There are physical issues—stormwater pooling, a 50- or 60-inch stormwater line along the back of the building, elevation changes—that make the site “challenging,” John Gilbreath, director of SPLOST facility planning and construction for CCSD, told Flagpole

Gilbreath said the 1938 Minor Street building, originally a school for African-American children during segregation, will be renovated and will have its windows, roofing and siding all replaced. He added that the other two buildings, which date from the 1950s, won’t be preserved. Other buildings could be constructed. “The site is too small for a school, but it’s suitable for a program of some kind, maybe for middle or high school students,” he said. 

Most of the district’s elementary schools each have at least 10 acres, except Barrow and Chase Street, both older schools in urban settings. But both have more than five acres, which is the minimum, according to state Department of Education regulations. West Broad has only three acres, making it an unlikely setting for pre-K or early learning facilities. And since it hasn’t operated as a school for years, it wouldn’t be grandfathered in.

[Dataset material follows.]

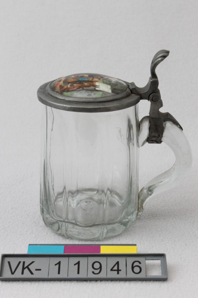 Glaskrügerl mit Zinnmontierung, verziert mit senkrechter Profilierung. Im Zinndeckel ist eine bemalte Porzellanscheibe eingesetzt, das Daumenblatt ist mit einem Palmettenrelief verziert. Auf dem Porzellan ist eine mehrfärbige Bemalung: Tierschule im Freien mit zwei großen Tieren (Fuchs, der Schüler angreift, und Hasenlehrer) und drei Schülern (Hasen). Das Glas hat Eichstrich und Maßzahl "1/4l".

Plans for the early learning center were the brainchild of former superintendent Demond Means, who recommended it over alternative proposals for a community center from the Athens Land Trust and Northeast Georgia Business Alliance. After a controversial vote, the Board of Education budgeted $10 million to transform the West Broad campus and hired Lawrenceville-based architectural firm Lindsay Pope Brayfield and Associates to design plans for the site. 

So far, said BOE member Greg Davis, there isn’t a building committee for the West Broad campus. Greg Davis and colleague Linda Davis will both represent the school board, but as far as he knows, no one from the neighborhood has joined the committee—and the situation concerns him. Every other school construction project has had a building committee made up of parents and residents. Gilbreath, too, said he is concerned that there’s no local building committee, and he blames that situation on the pandemic. The plan is to show a local committee the architects’ proposed plans to get input.